Nos dramas de Tchékhov os homens vivem sob o signo da renúncia, A


renúncia ao presente e à comunicação: a renúncia à felicidade em um
encontro real. Essa resignação, em que a nostalgia e a ironia se vinculam
para evitar atitudes extremadas, determina também a forma e o lugar de
Tchékhov na história do desenvolvimento da dramaturgia moderna.
(SZONDI, 2001)

A Gaivota

A Gaivota é a primeira grande peça de Tchekhov e nela podemos observar as


contradições formais citadas. A peça foi um fracasso em sua primeira apresentação,
e Tchekhov chegou a declarar que nunca mais escreveria para o teatro, porém o
encenador Constantin Stanislavski foi capaz de encarar os desafios propostos pelo
texto e dois anos depois a peça reestreia para um relativo sucesso - é sabido que
haviam muitos assentos vazios na sua estreia, mas a peça foi aclamada por um
público específico oriundo de círculos mais progressistas das classes médias e altas
(WILLIAMS, 2010) - no Teatro de Arte de Moscou com um considerável sucesso.

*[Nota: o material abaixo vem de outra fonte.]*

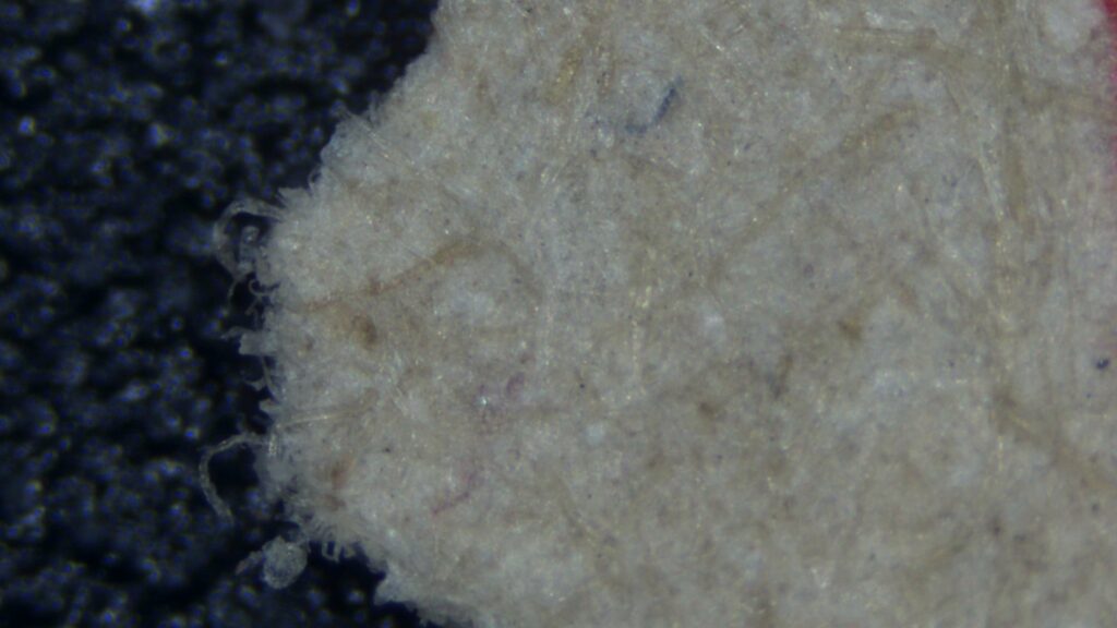 最後に斑点を確認するために透過光の写真を取ってみる。手元に透過光の写真を取る専用の器具はないので、試行錯誤の上で、4K顕微鏡で透過光写真を撮影してみた。この方法で斑点が映るのか、この切手で斑点が確認できるのかはわからないが、この写真には斑点らしきものは写っていない。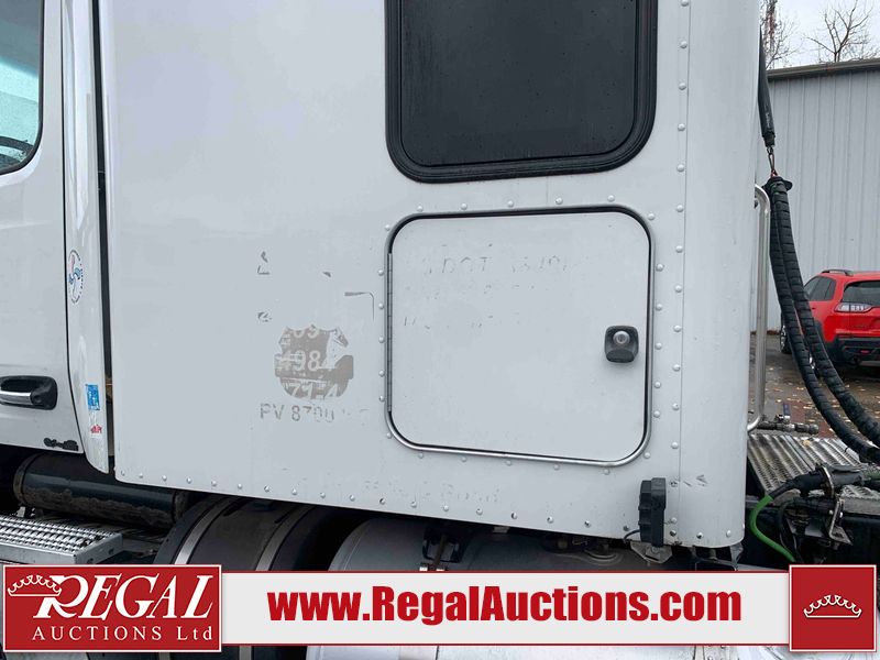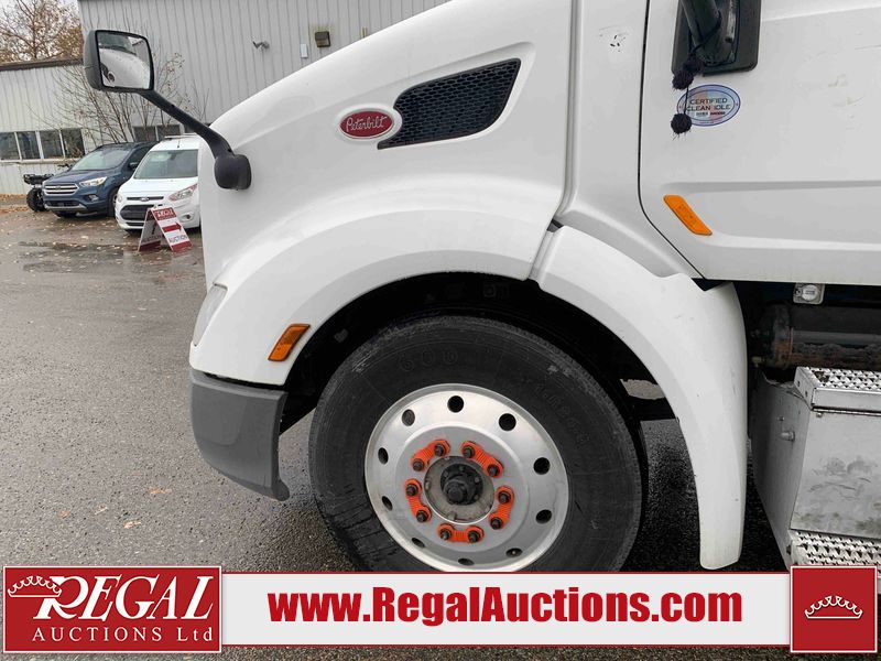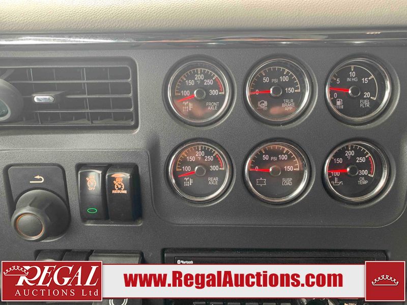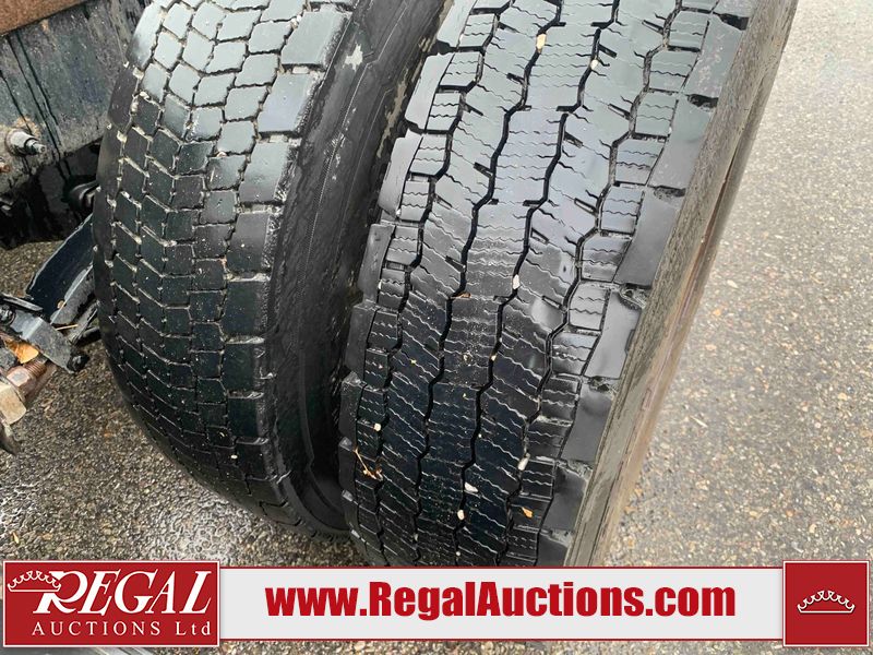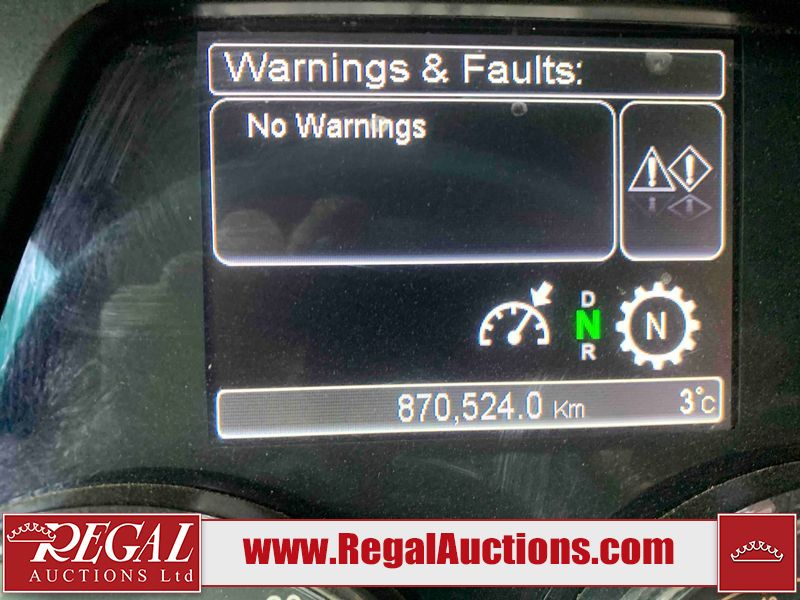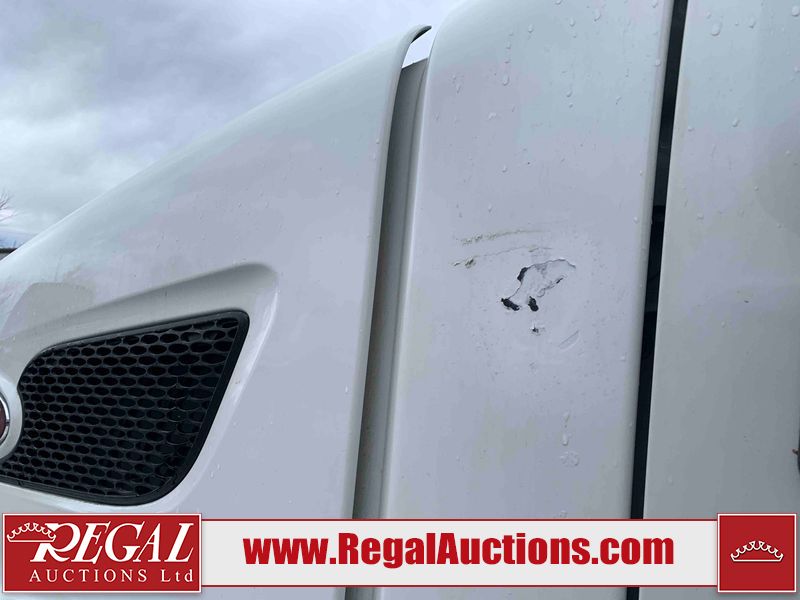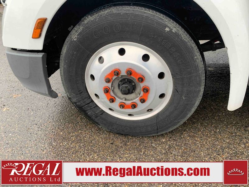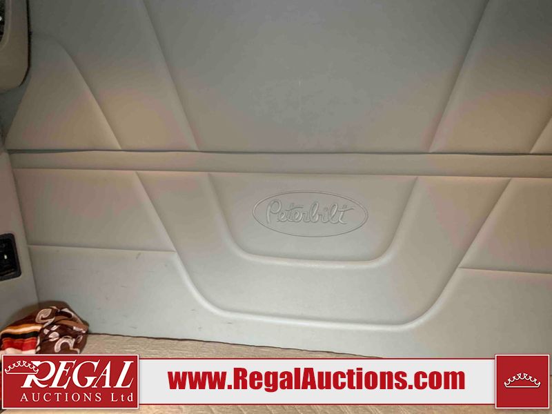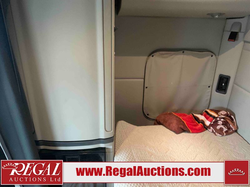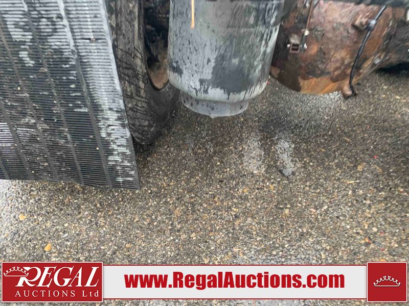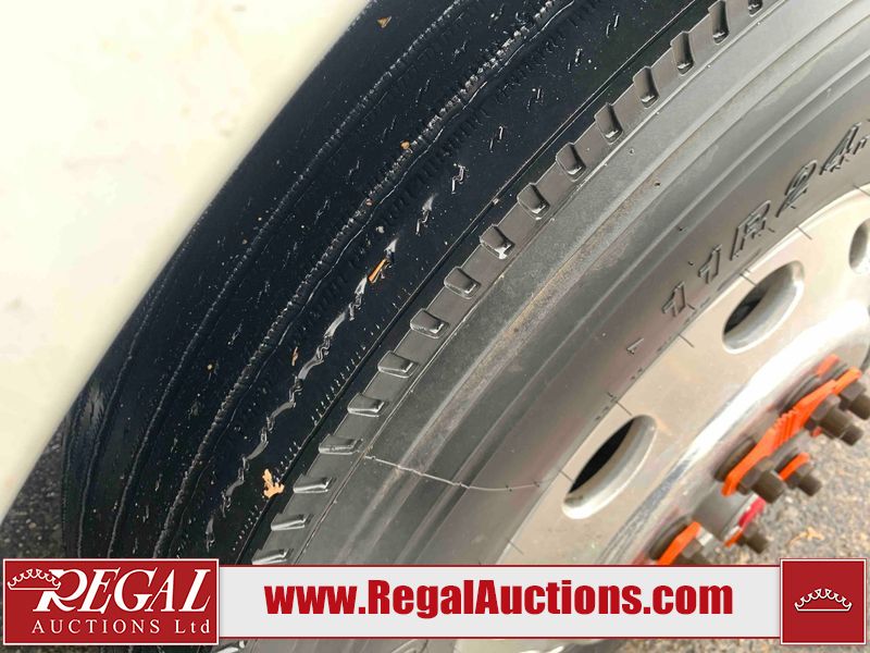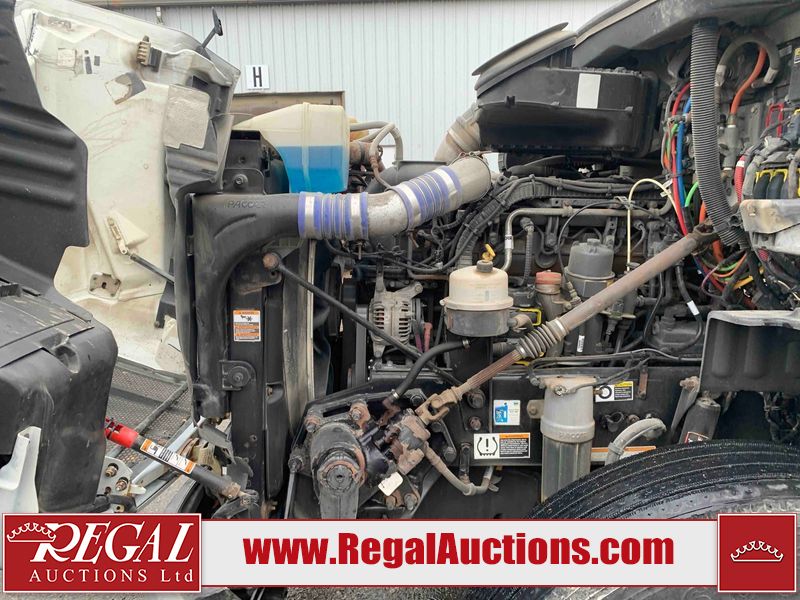 This unit is a 2019 Peterbuilt 579 single sleeper tandem axle Highway tractor. The odometer shows 870,524 km and 14,784 engine hours. It’s GVWR is 53,200 pounds. It’s CV is 04/2026. The interior is dirty. The driver and passenger seat are worn. Both the driver and passenger seat armrest are disconnected and missing. The steering wheel is worn. The bed is stained. The left cab light is missing. There are scratches and scuffs on most panels. It is equipped with a bed, refrigerator, rear climate control, stereo system, and a CB radio. The front end is showing scratches and scuffs. The front bumper has a piece missing. The engine cover has peeling paint. Both front doors, side and rear cab are showing scratches, scuffs, and dents. The rear part of the frame has a dent. This unit starts and runs without a boost. This unit is power by a Paccar MX13 12.9 L six cylinder turbo diesel engine and an automatic transmission. the tires are mounted to steel rims and appear to be in good enough condition for use. This unit is equipped with air brakes, air suspension, rear locking axles, and a PTO kit. It has a front axle of 13,200 pounds and a rear axle of 40,000 pounds.

A peça conta com diversos “enredos” paralelos entre figuras entediadas e


frustradas de uma pequena aristocracia decadente. Para pensar as possibilidades
de desdramatização da peça, vamos mobilizar três de suas figuras: Sorin, Treplev e
Yakov.

Sorin é o dono da propriedade onde a peça se passa, é um funcionário público


aposentado que passa a velhice no campo mas que lamenta constantemente pela
vida que não viveu, e expressa o desejo de sair do campo e voltar a cidade1. Sorin
apresenta interessantes momentos de "não-diálogo", com seu constante lamento
que passa ignorado pela maioria. Sorin também é um ótimo exemplo para
representar a dissonância entre vontade e ação; quer ir a cidade mas nunca vai, diz
querer viver mais pois não viveu uma vida realizada, mas ignora os conselhos do
médico Dorn, com quem inclusive estabelece interessantes "diálogos":

SORIN. (Ri) Para si é fácil dizer o que diz. Gozou devidamente a sua
vida, mas eu?... Eu estive vinte e oito anos ao serviço da Justiça, e não
vivi verdadeiramente a vida. Experiências, não tive nenhuma, para dizer
tudo. Percebe-se então porque é que eu quero continuar a viver, não
acha? Você bebeu o trago da vida; o seu trago, pode ser indiferente.

1
De certa forma, quase um ensaio de As Três Irmãs, onde as irmãs expressam o desejo que nunca
se concretiza de voltar a Moscou.
Por isso mesmo é que você tem queda para a filosofia. Mas eu, eu
quero viver mais, e é por isso mesmo que não desisto de beber um
xerez ao jantar e de fumar os meus charutos. E pronto, está tudo dito.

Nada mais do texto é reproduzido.